Society creates this idea that some things will be incredible and the most amazing times of your life but that’s all hindsight and fluff. I went to the USA this summer, and although I’m never going to forget that I’m very privileged to be able to do that, it really wasn’t all I imagined and all that society had made it out to be.
And this had a really negative effect on my mental health, and my boyfriend’s too. But how can we possibly be honest about this? We’d be called ungrateful if we opened up honestly and said it wasn’t the best decision and we didn’t really enjoy it that much.
Now don’t get me wrong, we enjoyed parts, but is wasn’t this life-changing trip that we’d treasure forever.

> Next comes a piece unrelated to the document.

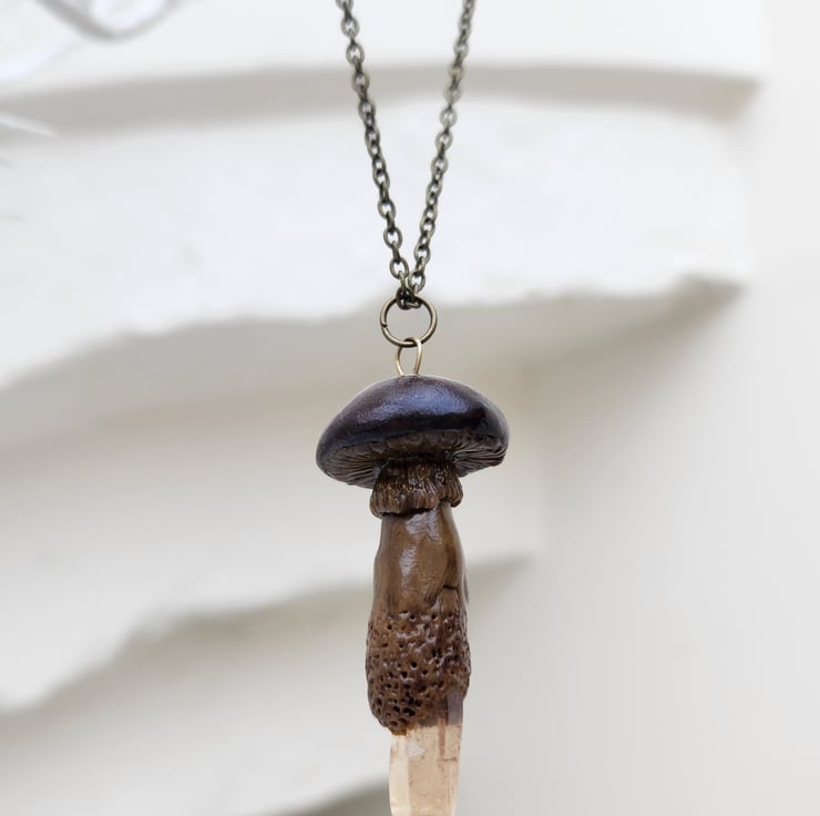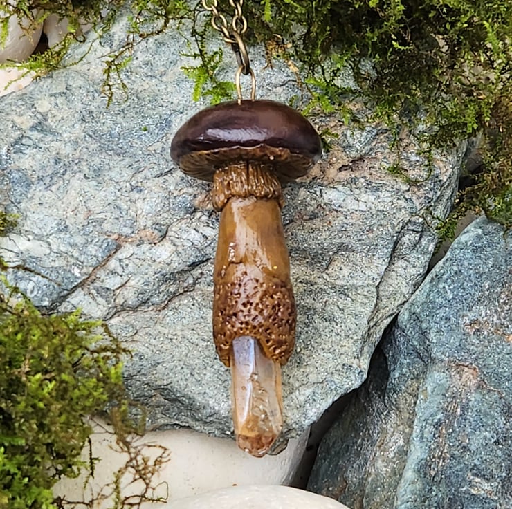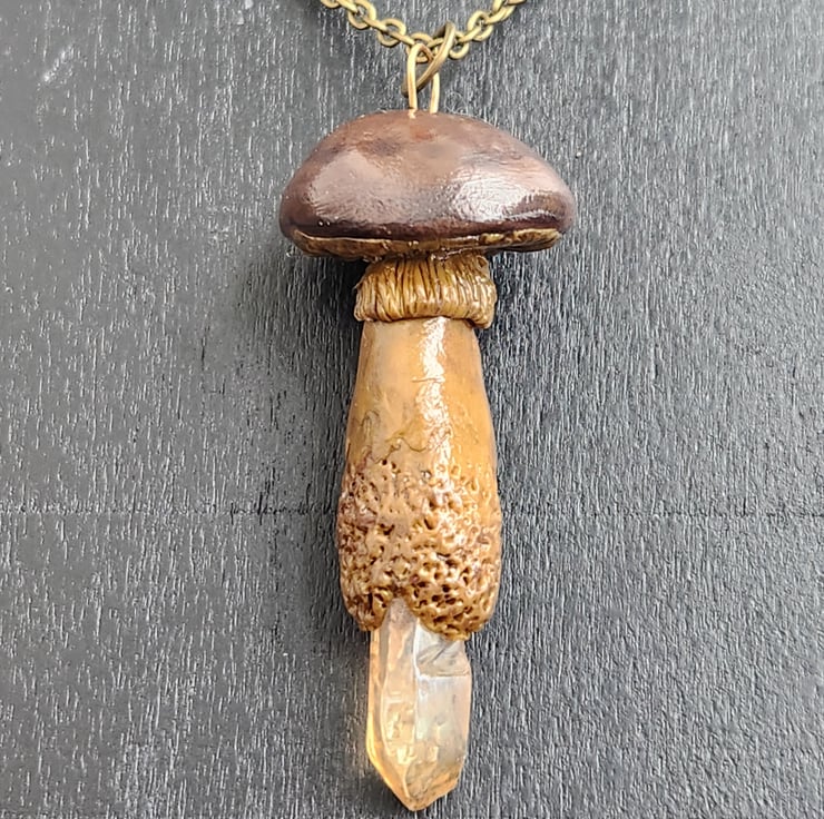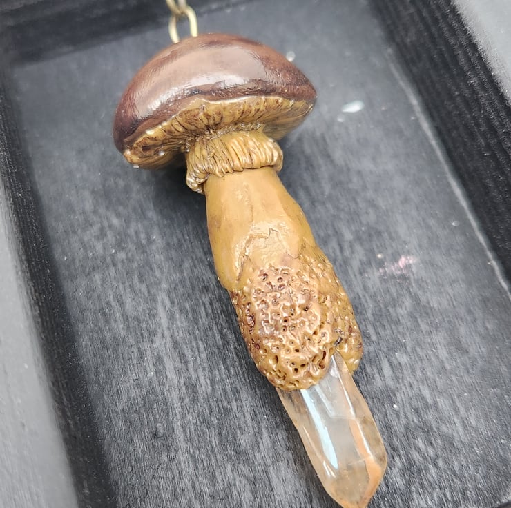 Inspired by the elegant simplicity of the woodlands, this mushroom has been sculpted into a quartz crystal pointer then painted and sealed with acrylics.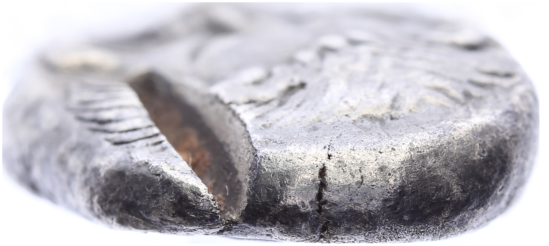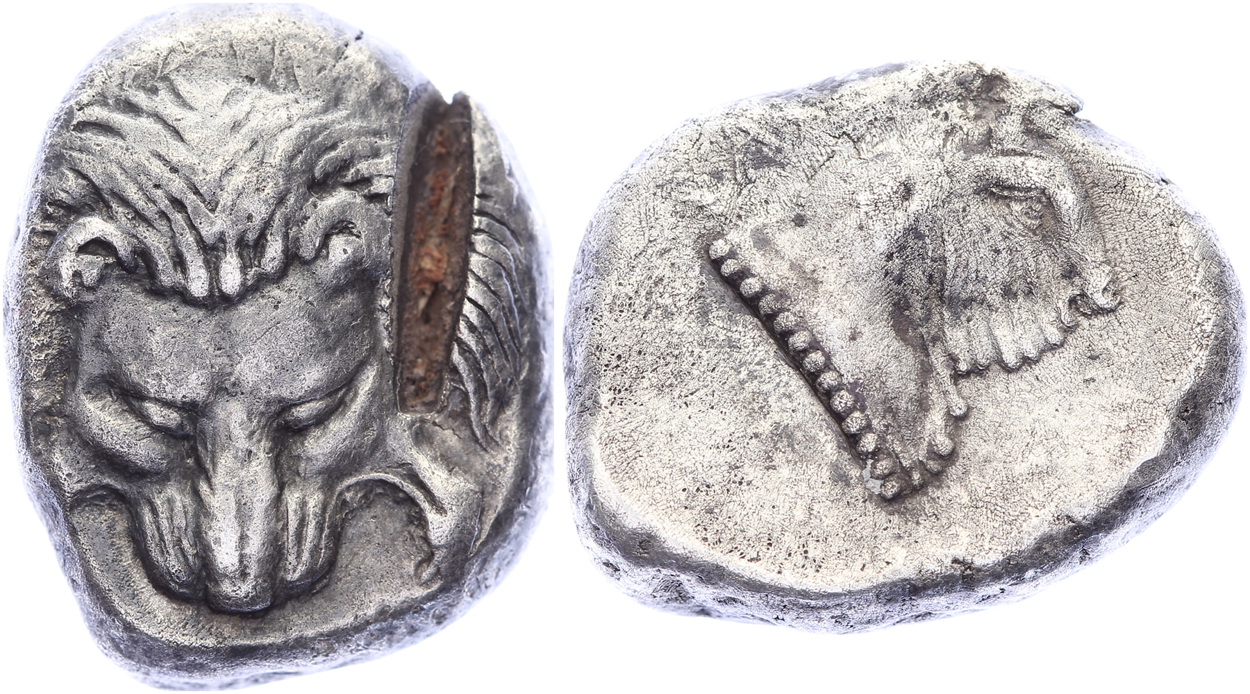 485-439 BC. AR Tetradrachm [12,89 gm, 16,8 mm]. Samian standard. Facing lion’s scalp / ΣA, forepart of bull right. SNG Copenhagen 1678; SNG von Aulock 2289; SNG Lockett 2871; Pozzi 2551. Test cut on the obverse, VF.Purchased from André Cichos, August 2018 (through MA Shops)

This has only further escalated my desire to be able to live in the everyday. Not in the lame ‘YOLO’ way, but in the small, ‘mundane’ things that make every day worth living. I don’t want to spend my life living through my past trips and waiting for more. I want to live in the day I’m in.
I’m not saying that this is the case with most people who travel. It’s more likely that I’m just not a traveller. But again, I’m back in that position where I’m unconsciously judging myself for not being the person that I think society wants me to be. I’m not that person who loves travelling and does amazing incredible things all over the world. I like home. I like my own bed and sofa and space. I like routine, I like to be around things that comfort me. I like to stay in and snuggle with a blanket and a cup of tea in my own mug.
I’m still trying to accept the real me.